CORPSES SEEN AND UNSEEN

He said he has seen 17 bodies floating around in the streets and that many others are inside houses. "You go down some streets and you can smell them, but you can't see them. You know they are in their homes somewhere."

In New Orleans' notoriously poor 9th district, police launched search missions with small speed boats to find both the living and the dead.

The tips of roofs poked out from the water, which bubbled from burst gas mains. Several bodies were seen floating.

Officials said they had assembled facilities capable of handling 1,000 bodies immediately and were expanding them.

Dr. Louis Cataldie, Louisiana's emergency response medical director, declined to speculate on how high the death toll might go. "It's not about numbers," she said. "Each death is enough. This is horrific."

Louisiana's official death toll stood at just 59 on Sunday but officials said they knew it would rise dramatically.

Except for rescue workers and scattered groups of people, streets in the once-vibrant capital of jazz and good times were all but abandoned after the mass exodus of hundreds of thousands of refugees into neighboring Texas and other states.

Government and emergency officials insisted it was not the right time to assign blame for the botched rescue efforts, and instead warned of major challenges ahead.
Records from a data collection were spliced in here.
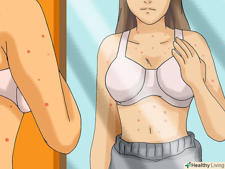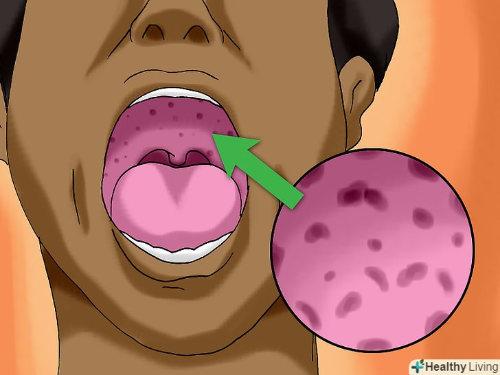 Перевірте, чи немає у вас висипу на верхньому небі.у деяких людей мононуклеоз супроводжується дрібною червоною висипкою на верхньому небі. Широко відкрийте рот і огляньте верхнє небо за допомогою дзеркала. Дрібні червоні плями можуть свідчити про мононуклеозі.[8]- У деяких випадках мононуклеоз може супроводжуватися також шкірним висипом.
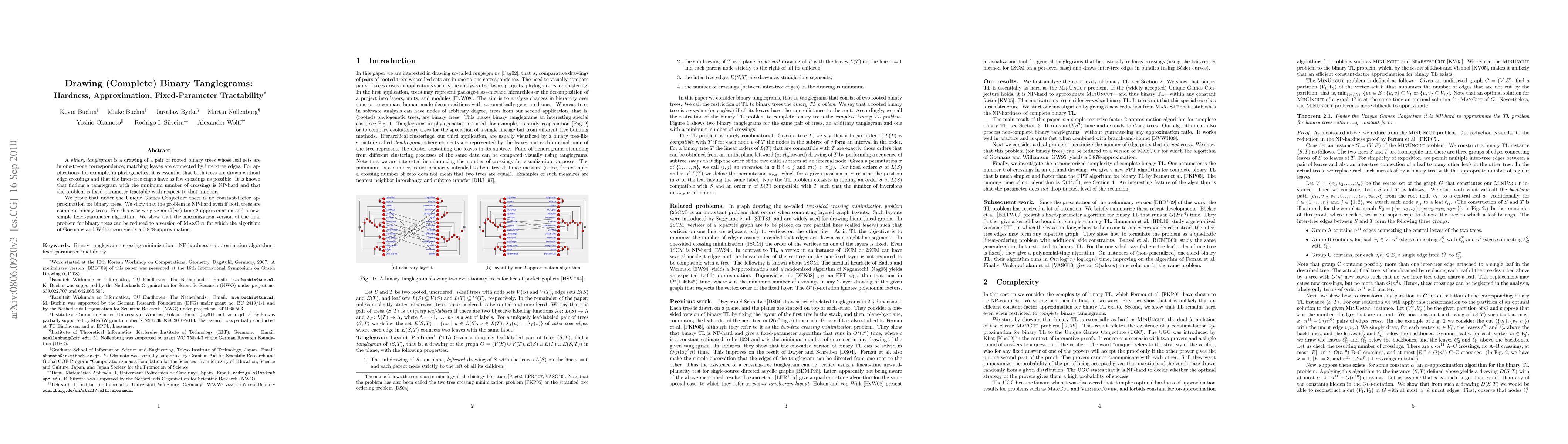 Researchers show that drawing binary tanglegrams with minimal edge crossings is NP-hard, but provide a 2-approximation algorithm for complete trees and connections to MaxCut.
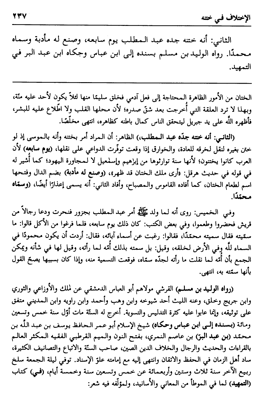 الثاني: أنه ختنه جده عبد المطلب يوم سابعه، وصنع له مأدبة وسماه محمدًا. رواه الوليد بن مسلم بسنده إلى ابن عباس وحكاه ابن عبد البر في التمهيد.
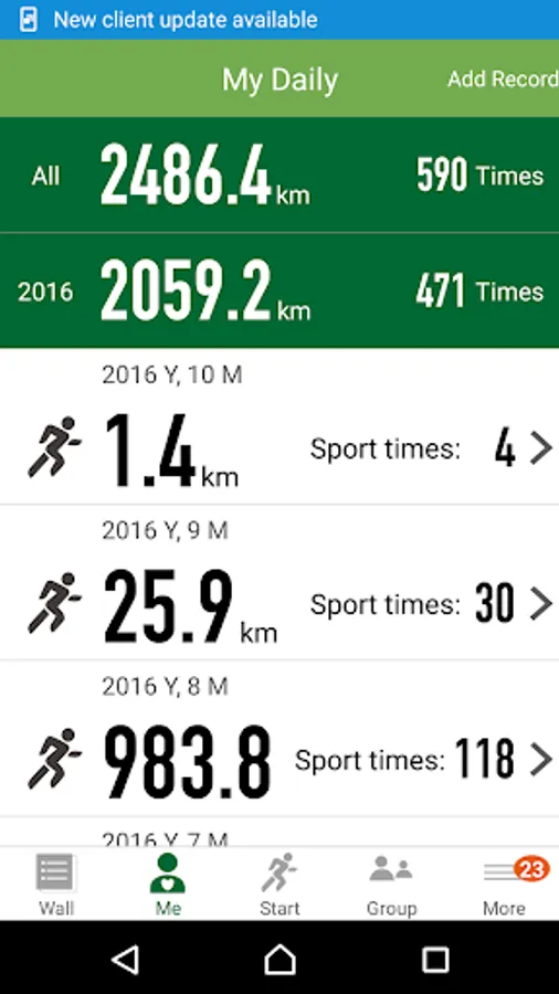 - Personal information including running experience, total distance, cycling distance, annual distance, race schedules and stats.

"We're going to have to go house to house in this city. We're going to have to check every single place to find people who may be alive and in need of assistance." Chertoff said.

He said the extremely unsanitary conditions mean emergency services would not allow residents to stay in their homes while flooded areas were being pumped out.

President George W. Bush has, in a rare admission of error, conceded the relief efforts were unacceptable, and this weekend ordered 7,200 extra active-duty troops to the disaster zone.